■ **What the exercise asks**
Go through the data below and repeat it exactly, skipping each picture.

■ **Input material**
++++++++++

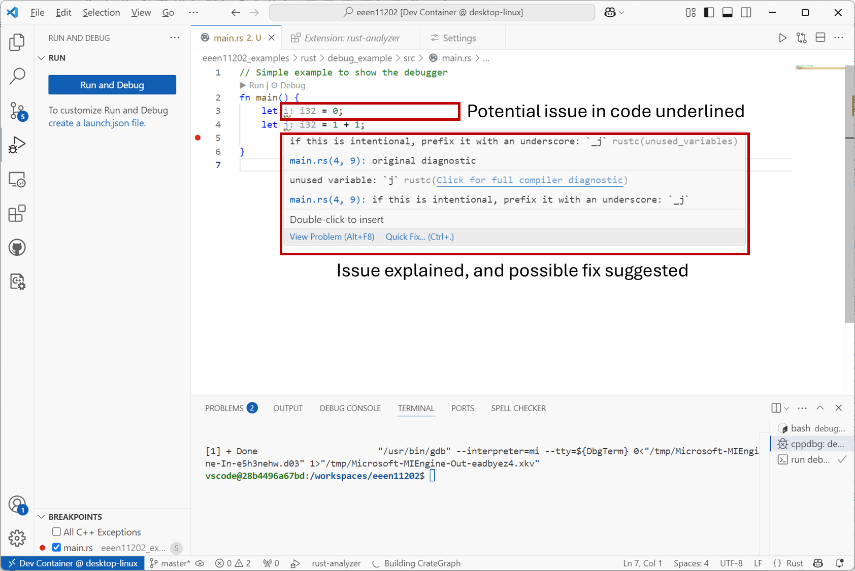 Linting is essentially a spell-check of your code. The example below shows Rust program code. It has detected that the variable j (and indeed i in this simple example) is never used. It’s checking that this is what you want, because it might indicate a mistake. Moreover, it suggests using the preferred (but optional) style of using _j to indicate it’s deliberately not used for some reason. Indeed for a simple error like this offers a Quick Fix to automatically correct it for you.
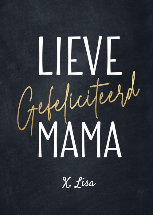 Wil jij je moeder verrassen met een originele felicitatiekaart? Dan zit je met deze basic kaart met gouden tekst helemaal goed.
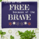 This design features red, white, and blue bunting across the top and stars along the bottom with "Land of the FREE because of the BRAVE" message. Great for patriotic holidays or all summer.
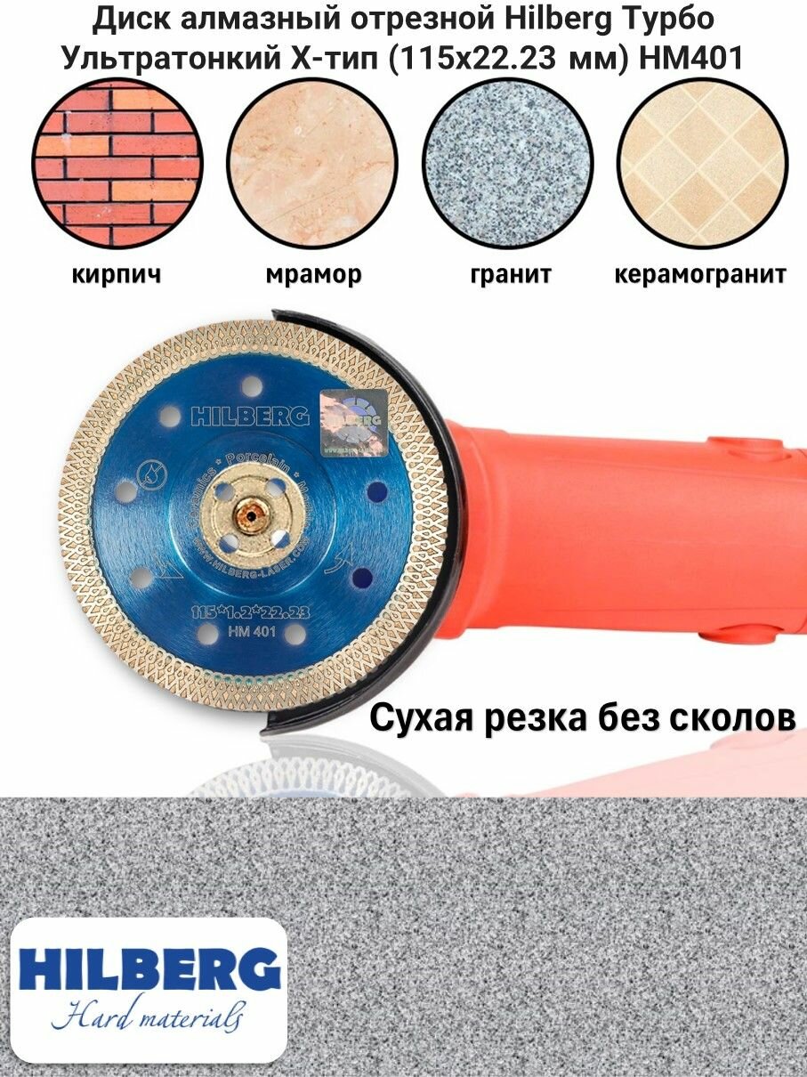 Hilberg Диск алмазный отрезной 115x22,23 Hilberg Турбо ультратонкий х-тип HM401 .
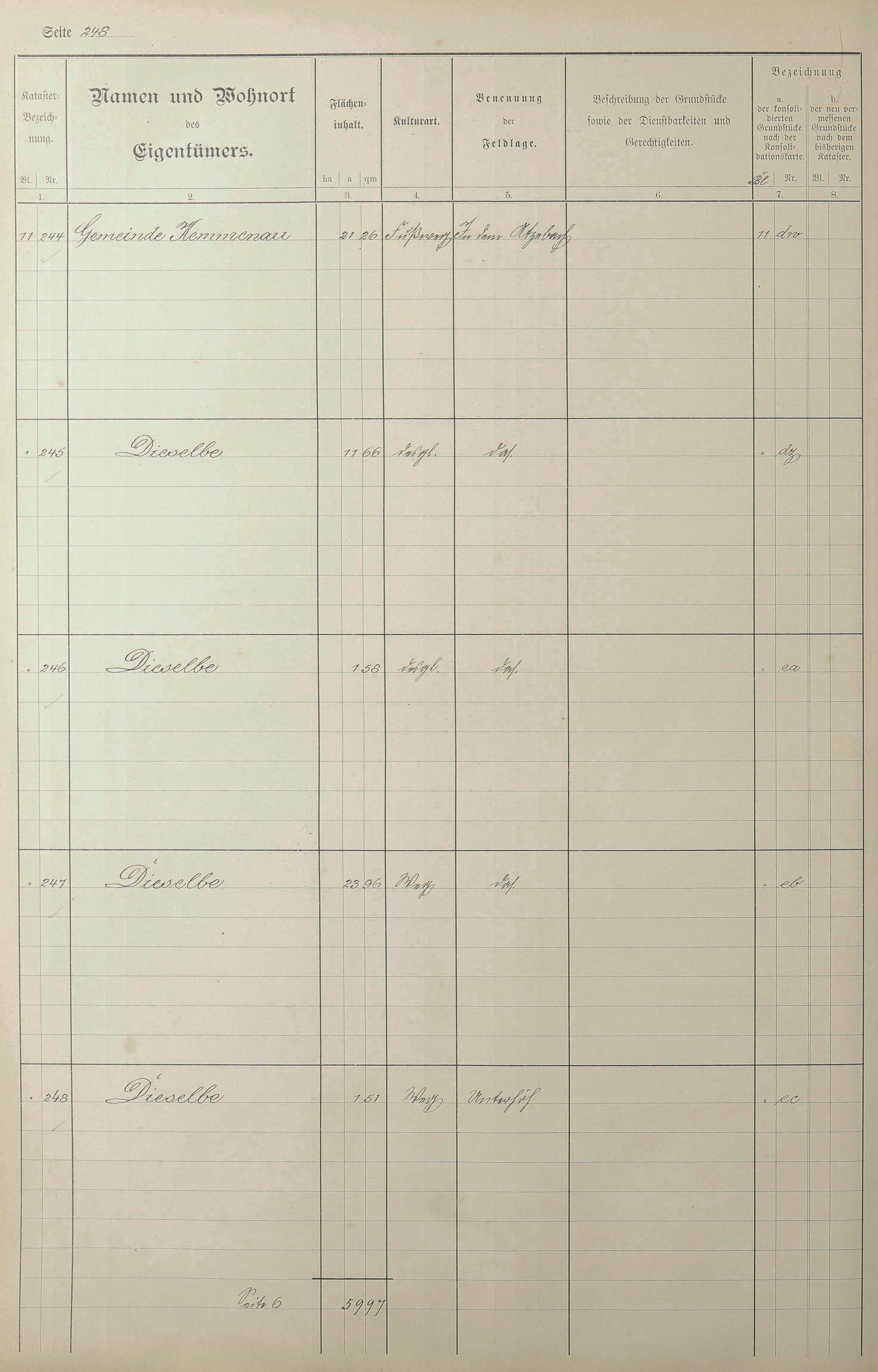 1: Lagerbuch der konsolidierten Gemarkung Kemmenau von dem Königlichen Kommissar...
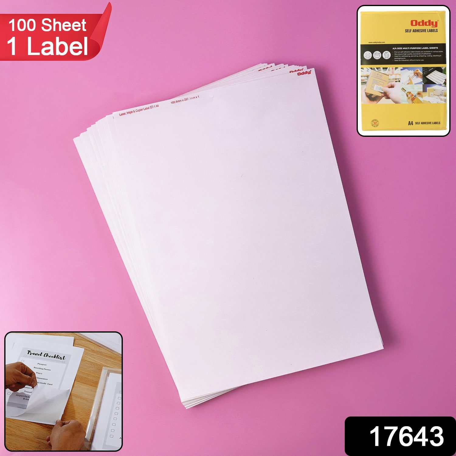 Oddy Self-Adhesive Label Sheets – A4 Full-Sheet Labels (100 Sheet)
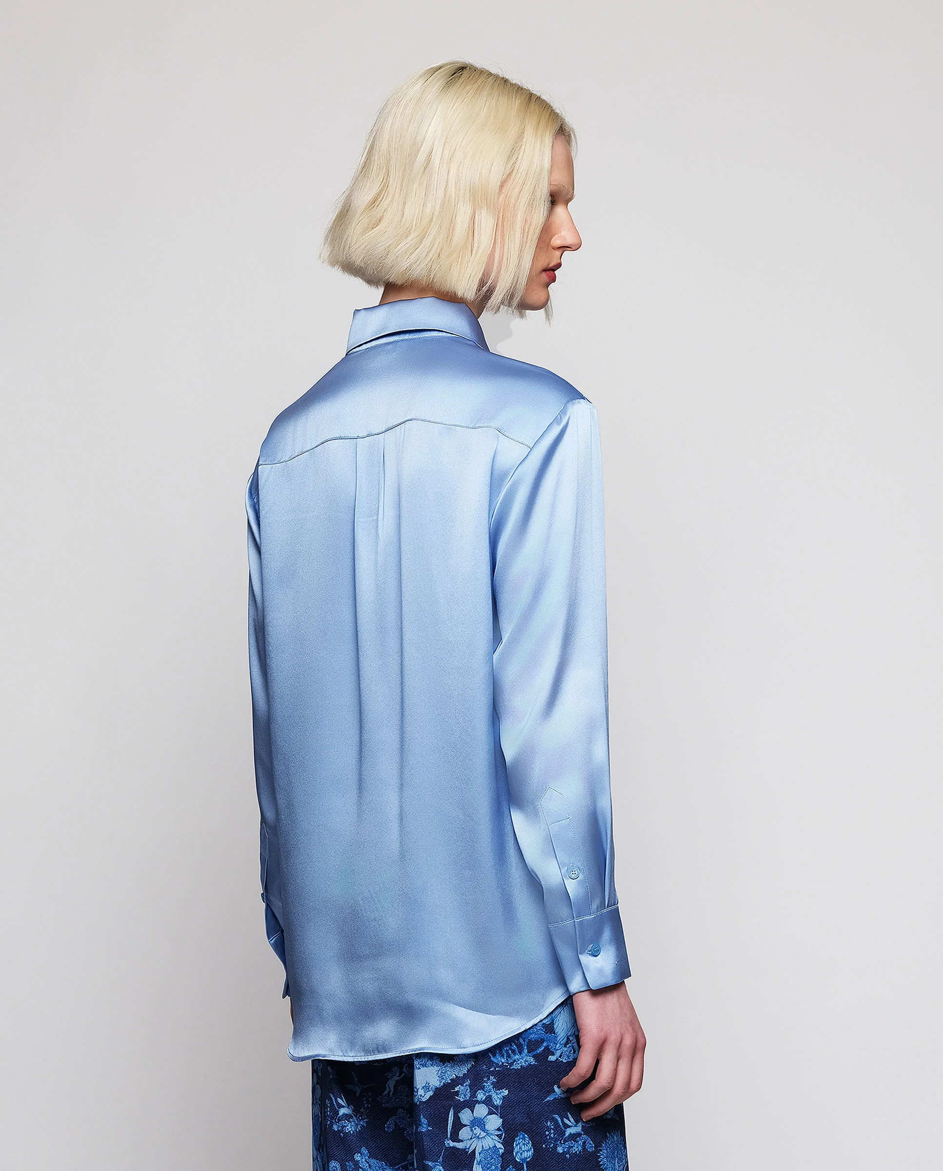 Blusa azul de seda 100%. Cuello camisero, cierre central oculto con botones y manga larga con puños. Fit recto. Una blusa vital donde el color, el tejido y los acabados depurados definen el refinamiento y la elegancia atemporal.
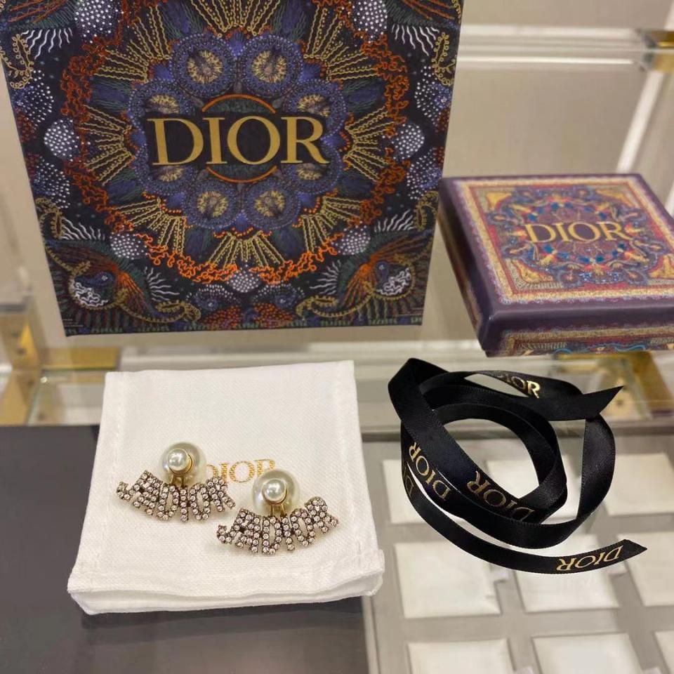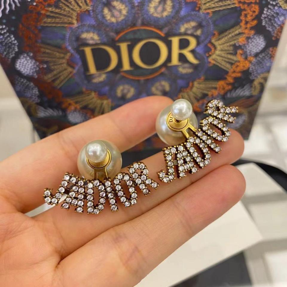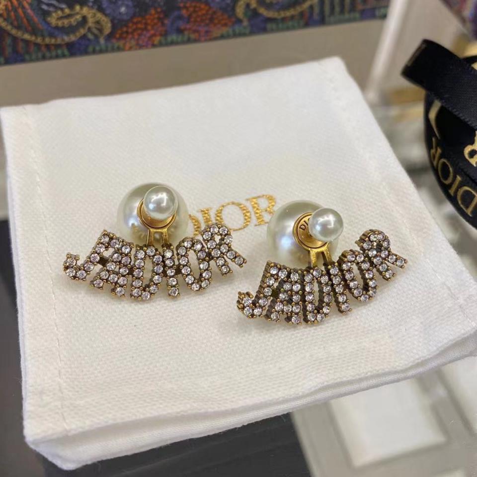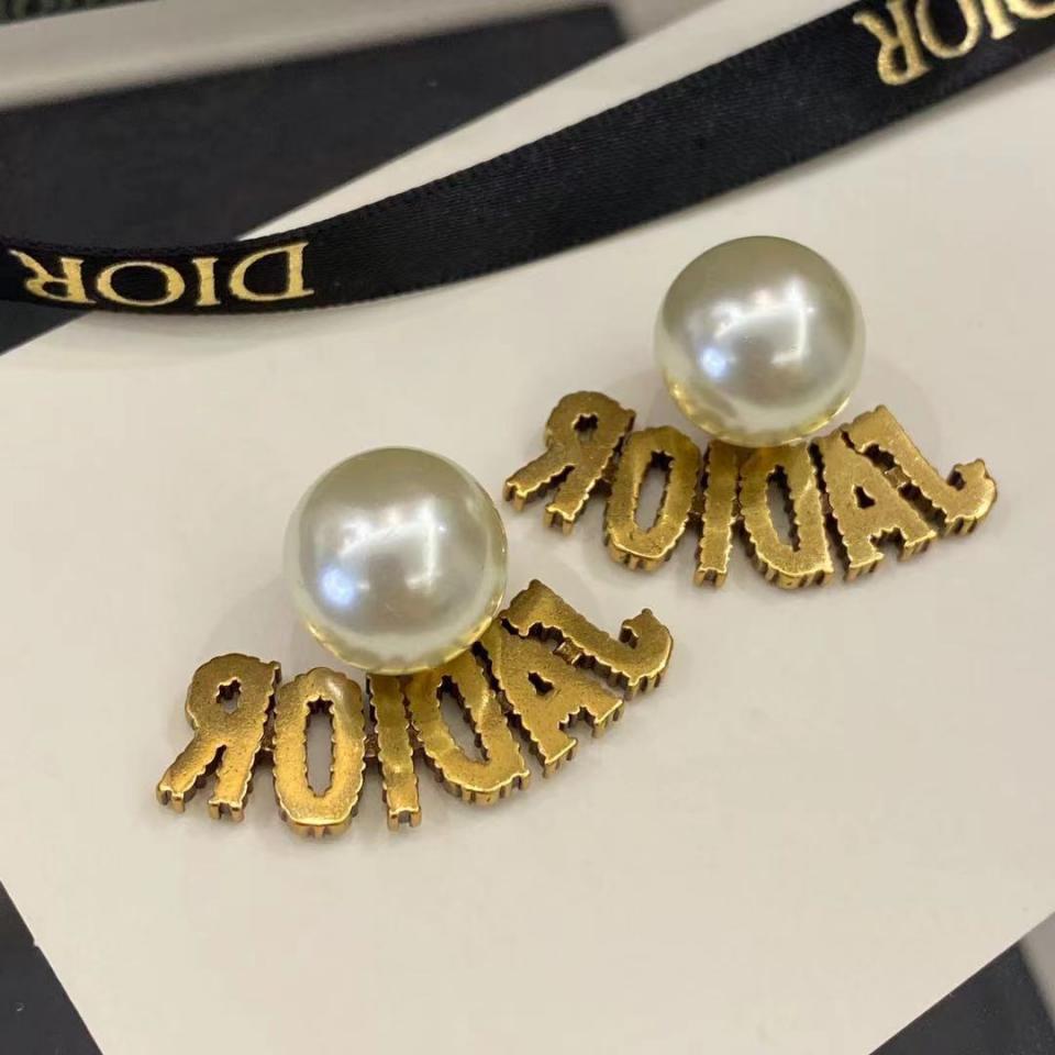 C家 珍珠銀色琺瑯滿鑽雙C耳環

++++++++++

■ **Task response**
 Linting is essentially a spell-check of your code. The example below shows Rust program code. It has detected that the variable j (and indeed i in this simple example) is never used. It’s checking that this is what you want, because it might indicate a mistake. Moreover, it suggests using the preferred (but optional) style of using _j to indicate it’s deliberately not used for some reason. Indeed for a simple error like this offers a Quick Fix to automatically correct it for you.
 Wil jij je moeder verrassen met een originele felicitatiekaart? Dan zit je met deze basic kaart met gouden tekst helemaal goed.
 This design features red, white, and blue bunting across the top and stars along the bottom with "Land of the FREE because of the BRAVE" message. Great for patriotic holidays or all summer.
 Hilberg Диск алмазный отрезной 115x22,23 Hilberg Турбо ультратонкий х-тип HM401 .
 1: Lagerbuch der konsolidierten Gemarkung Kemmenau von dem Königlichen Kommissar...
 Oddy Self-Adhesive Label Sheets – A4 Full-Sheet Labels (100 Sheet)
 Blusa azul de seda 100%. Cuello camisero, cierre central oculto con botones y manga larga con puños. Fit recto. Una blusa vital donde el color, el tejido y los acabados depurados definen el refinamiento y la elegancia atemporal.
 C家 珍珠銀色琺瑯滿鑽雙C耳環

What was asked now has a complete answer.